Objective-C, like C++, was initially a preprocessor wrapper around C. It still functions as that for method calls. The calls go through the Objective-C runtime where they're transformed into ordinary C function calls. The above call would look like the following with 'func' as the address to the NSArray class method arrayWithObjects:.

objc_msgSend(func, [MyCounterClass newObject], [MyCounterClass newObject], nil);

We're back to C again. And in C there's expressly no ordering of the evaluation of function arguments. It should be patently obvious why and C makes this very clear. There are strict rules for the evaluation of expressions - execution only continues until the outcome is known and always proceeds from left to right; there are strict rules for how operands bind to operators, whether they have right to left or left to right associativity, and which have precedence over others. This is basic stuff every C programmer is 'expected' to know by heart.

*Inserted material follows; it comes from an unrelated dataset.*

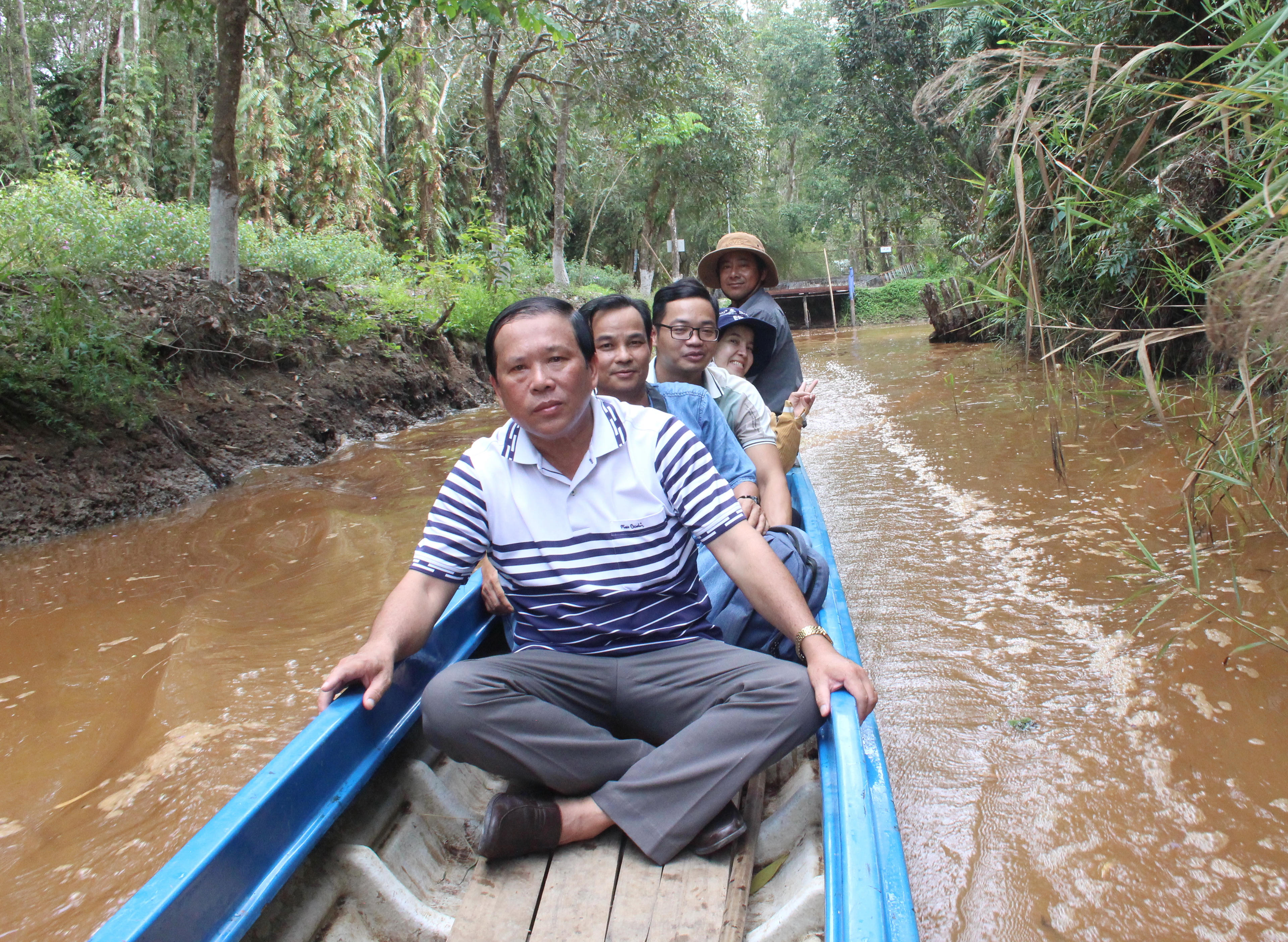 Ông Trần Ngọc Thảo - Giám đốc Công ty TNHH MTV Lâm nghiệp U Minh Hạ cùng phóng viên khảo sát tại Khu du lịch sinh thái Sông Trẹm, xã Khánh Thuận, huyện U Minh (tỉnh Cà Mau). |

But someone on the mailing list and most likely tasked with a programming assignment didn't seem to know this. Compiler generated code for function calls is dependent on the call model being used. Intel prefers the PL/M method where arguments are pushed right to left; C functions such as printf have to use left to right for obvious reasons; and so forth.

[Yes as there's a 'nil' argument to end the list you might 'expect' the compiler to use 'left to right' but once again: you simply don't know and the matter is left undefined for a reason. The programmer has no control over how the code is generated. The compiler could very well keep track of the number of arguments and proceed right to left anyway. You have no business with 'expectations' here and good programs end up bad when programmers 'expect' things.]

Some of the answers to the above question.

This is actually a 'feature' of C which ObjC inherits. C does not define an order of operations except across 'sequence points' which are basically semicolons [sic]

'Feature'? No it's not a feature. It's something weird and abstract called 'reality'. Several environments (systems) offer alternative call protocols that can be specified in compiler directives. It's not a feature.

Function prototypes are used to help the compiler decide what type of code to generate. By default the call protocol is going to be left to right but several environments use other protocols.

C can't know what the underlying environment is going to be, C is platform independent, C cannot make assumptions of that nature. That's first term Comp Sci 101 - the first three months.

As such, conforming C (and thus ObjC) code must never rely on the order of execution of function arguments, arithmetic subexpressions, or anything else of that nature.

Simply false. Function calls are one thing but precedence and associativity tables and rules about evaluating truth expressions are followed strictly.

All of these rules are well defined for C. They have to be and they are. The original example is covered by the rules for evaluating expressions in function calls (you cannot depend on any given order) and precedence and associativity for evaluation otherwise.

[Perhaps this is one of the reasons modern production code is so uniformly crappy?]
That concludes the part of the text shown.